Exactly reproduce the lines of the listing below from the one containing "Del 11 al 14" through the one containing "Remove and replace". Skip the images.
::: Exercise data :::
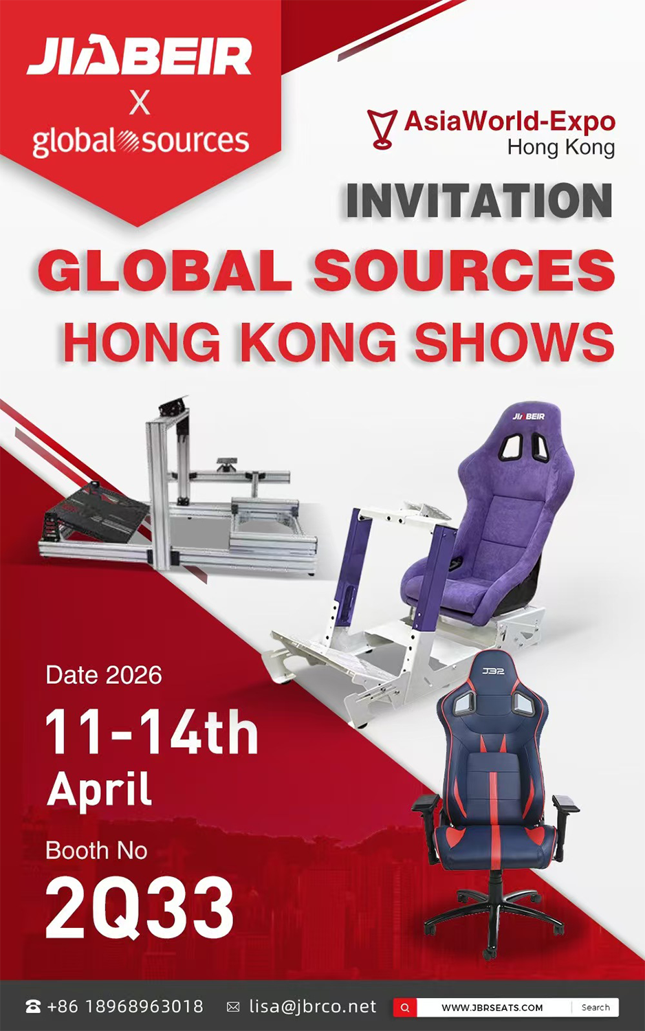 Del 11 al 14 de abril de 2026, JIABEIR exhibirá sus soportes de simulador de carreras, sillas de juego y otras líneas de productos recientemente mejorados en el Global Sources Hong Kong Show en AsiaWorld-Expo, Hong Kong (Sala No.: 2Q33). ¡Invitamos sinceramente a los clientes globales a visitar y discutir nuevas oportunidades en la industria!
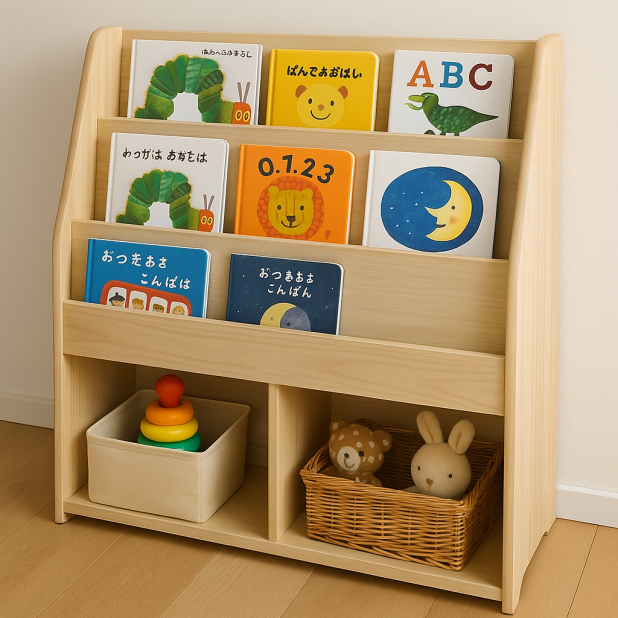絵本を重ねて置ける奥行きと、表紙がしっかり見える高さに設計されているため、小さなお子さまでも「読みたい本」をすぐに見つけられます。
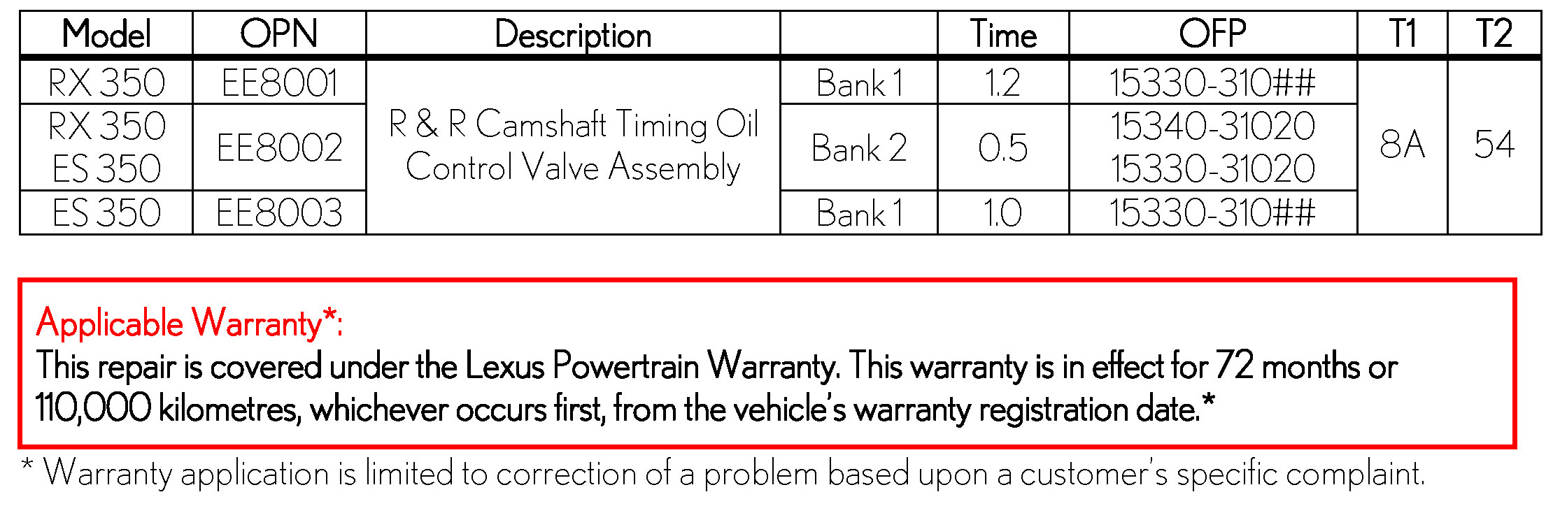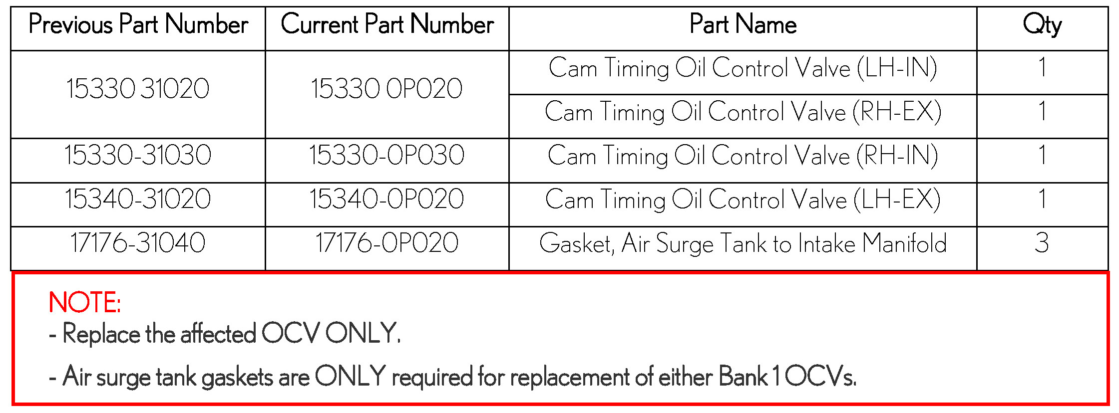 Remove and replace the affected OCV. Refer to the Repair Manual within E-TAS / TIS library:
:::
::: Exercise data :::
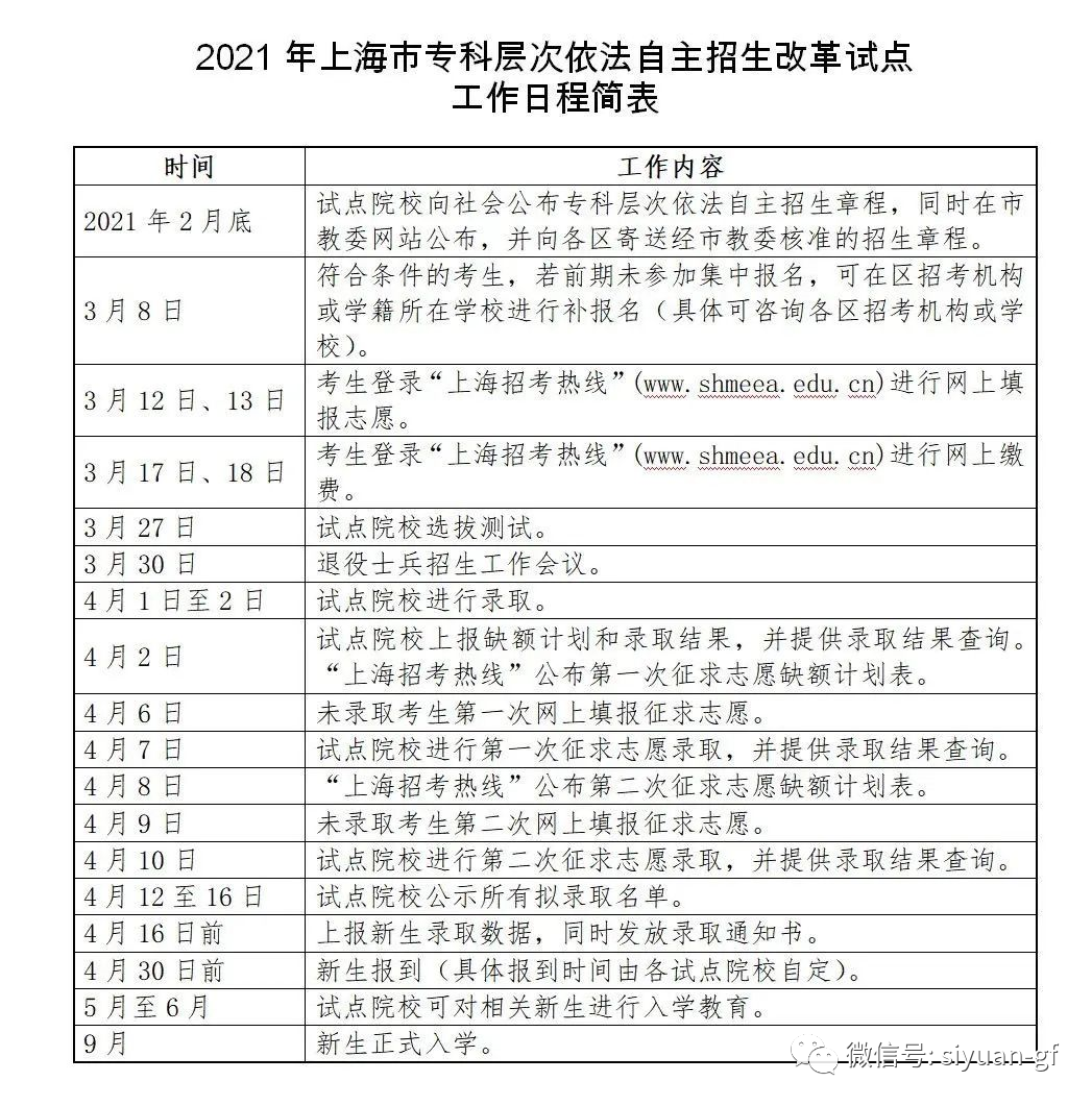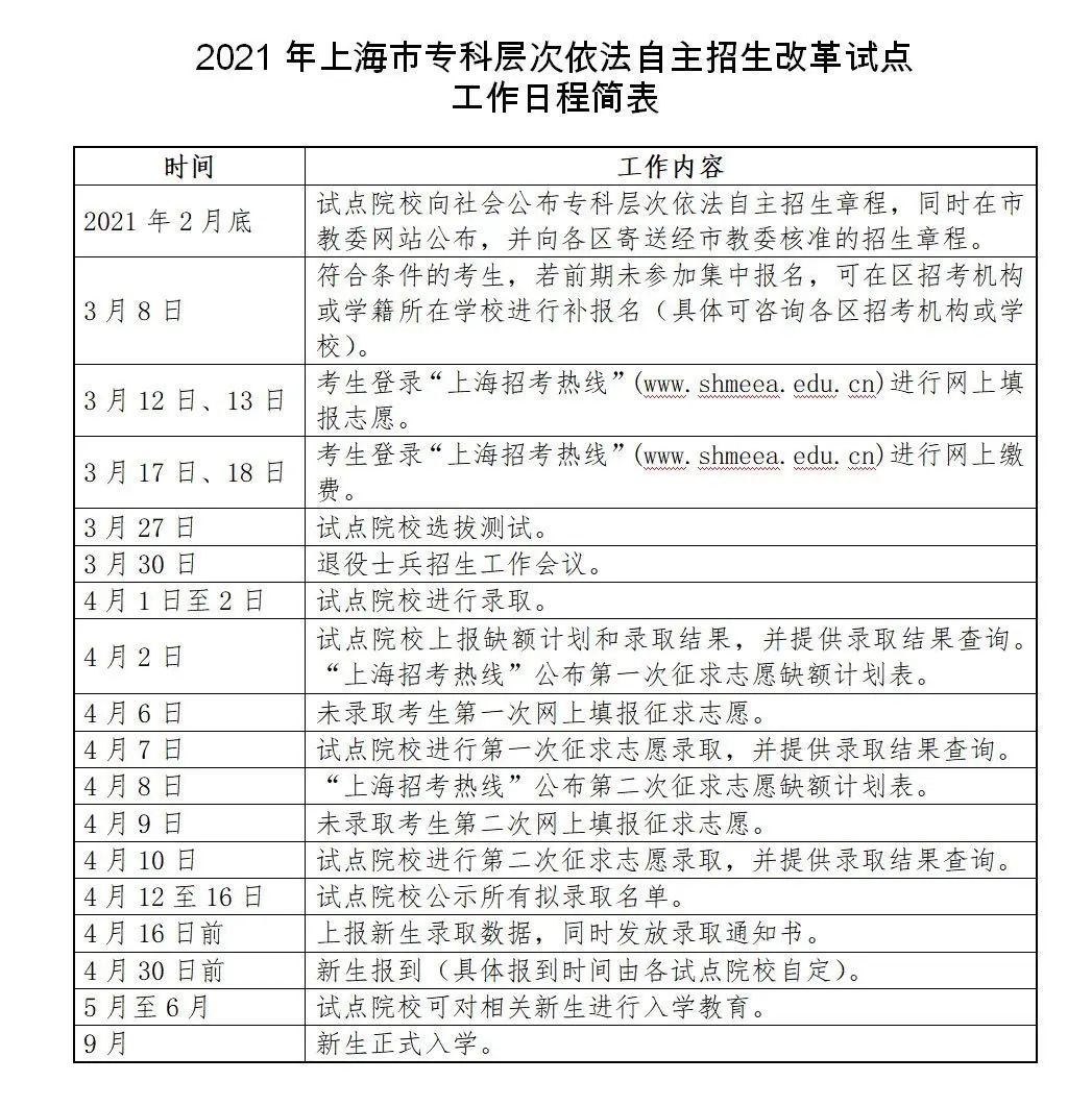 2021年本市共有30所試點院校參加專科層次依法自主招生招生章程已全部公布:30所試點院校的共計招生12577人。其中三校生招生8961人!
:::
Result of the task:
 Del 11 al 14 de abril de 2026, JIABEIR exhibirá sus soportes de simulador de carreras, sillas de juego y otras líneas de productos recientemente mejorados en el Global Sources Hong Kong Show en AsiaWorld-Expo, Hong Kong (Sala No.: 2Q33). ¡Invitamos sinceramente a los clientes globales a visitar y discutir nuevas oportunidades en la industria!
絵本を重ねて置ける奥行きと、表紙がしっかり見える高さに設計されているため、小さなお子さまでも「読みたい本」をすぐに見つけられます。
 Remove and replace the affected OCV. Refer to the Repair Manual within E-TAS / TIS library:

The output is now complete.